[Items from a dataset]
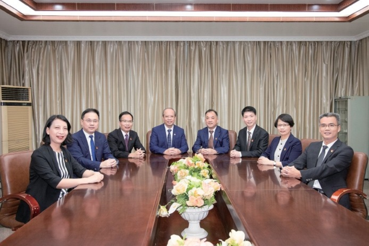 院领导班子合影,左起林槙槙副院长、林建清副院长、黄淑忠纪委书记、曾奕明党委书记、许建华院长、刘惠民副院长、曾红华副院长、李文聪总会计师
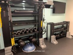 Accessories include a Bosu ball, resistance bands, slam balls, exercise balls, a box jump and foam rollers. There’s also a TRX system.
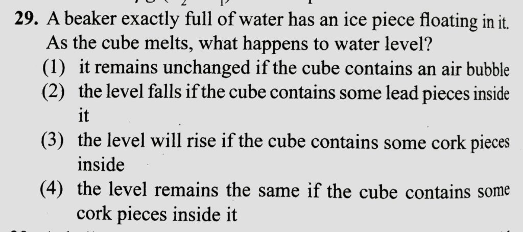A beaker exactly full of water has an ice piece floating in it. As the cube melts , what happens to water level? A beaker exactly full of water has an ice piece floating in it. As the cube melts what happens to water level? October 8, 2020 Category: Uncategorised (JEE Advanced Physics by BM Sharma + GMP Solutions) , Facebook Messenger WhatsApp Share this:TwitterFacebook Related
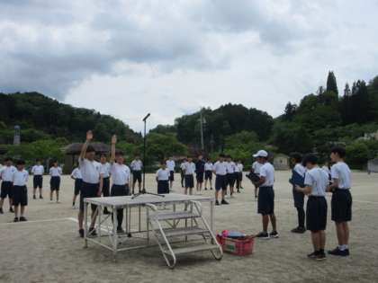 体育祭に向けて、各係の動きや選手の入退場などを全校で練習しました。
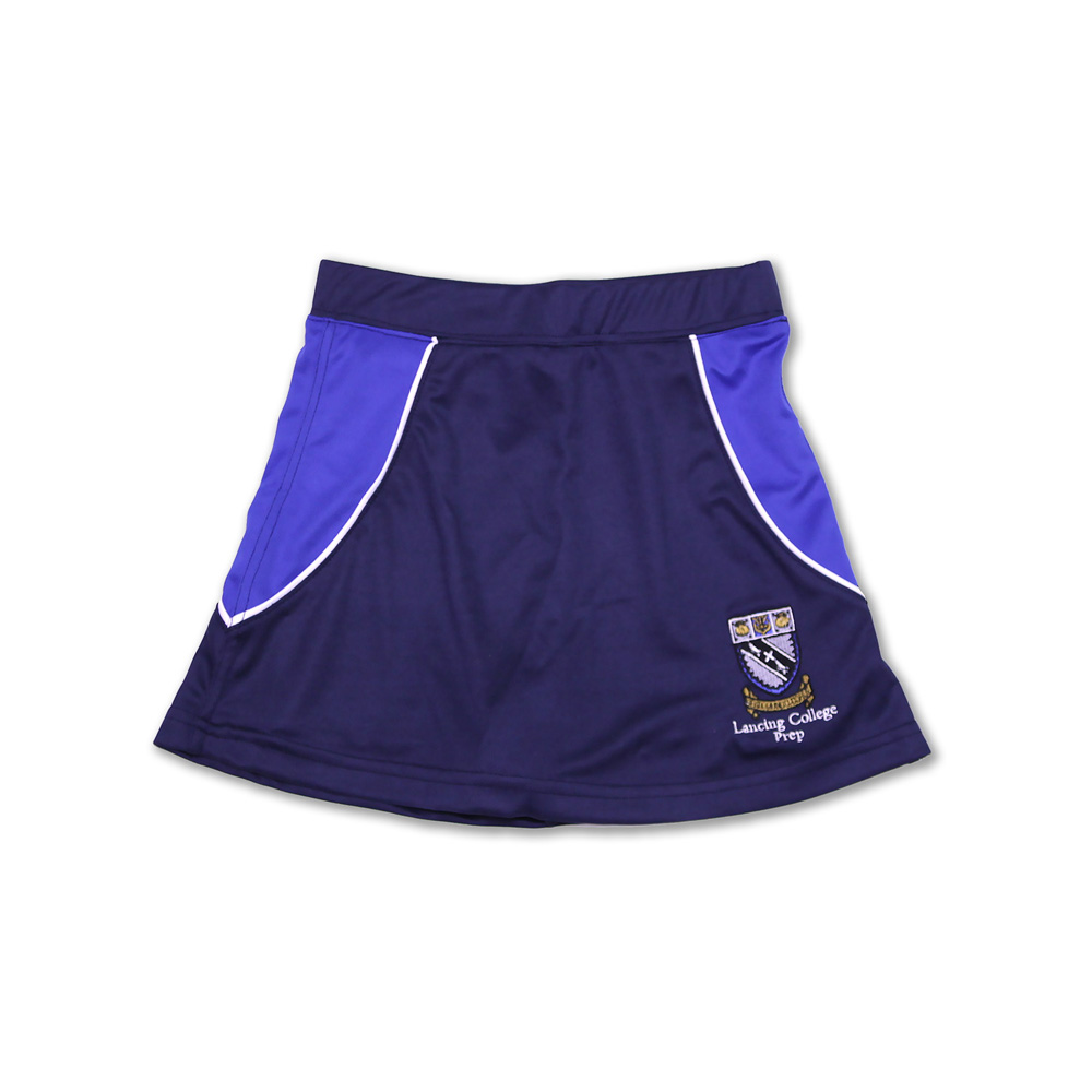 Navy, royal and white skort, elastic waist, hidden shorts under skirt, lightweight sports fabric, 100% polyester, bespoke with Lancing crest and text.
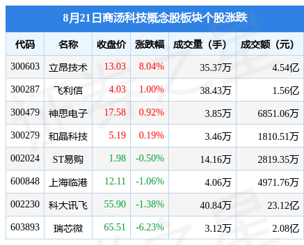 8月21日商汤科技概念股板块较上一交易日下跌1.69%,瑞芯微领跌。当日上证指数报收于3092.98,下跌1.24%。深证成指报收于10320.39,下跌1.32%。商汤科技概念股板块个股涨跌见下表:
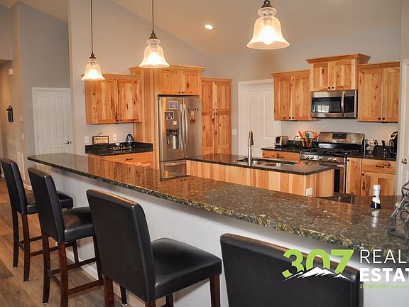 Very nice CUSTOM BRITTAIN built single level home located in one of Cody's finest sub divisions. This home boasts sky high vaulted ceilings,nine foot walls, spacious rooms, loaded master bath, granite counter tops, enormous kitchen, and oversized garage. All the landscaping is done and done well. Come check it out this beautiful three bedroom two bath home that is ready to go!
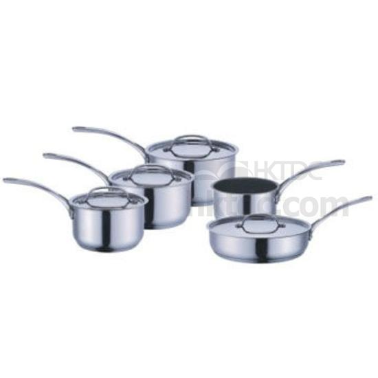 Non-stick milk pan and fry pan in stainless steel cookware set 9 pieces

*Goal of the exercise*
From the line that contains "体育祭に向けて、各係の動きや選手の入退場などを全校で練習しました。" to the last line of the data, print each line exactly, both ends included, and omit the pictures.

*Response to the task*
 体育祭に向けて、各係の動きや選手の入退場などを全校で練習しました。
 Navy, royal and white skort, elastic waist, hidden shorts under skirt, lightweight sports fabric, 100% polyester, bespoke with Lancing crest and text.
 8月21日商汤科技概念股板块较上一交易日下跌1.69%,瑞芯微领跌。当日上证指数报收于3092.98,下跌1.24%。深证成指报收于10320.39,下跌1.32%。商汤科技概念股板块个股涨跌见下表:
 Very nice CUSTOM BRITTAIN built single level home located in one of Cody's finest sub divisions. This home boasts sky high vaulted ceilings,nine foot walls, spacious rooms, loaded master bath, granite counter tops, enormous kitchen, and oversized garage. All the landscaping is done and done well. Come check it out this beautiful three bedroom two bath home that is ready to go!
 Non-stick milk pan and fry pan in stainless steel cookware set 9 pieces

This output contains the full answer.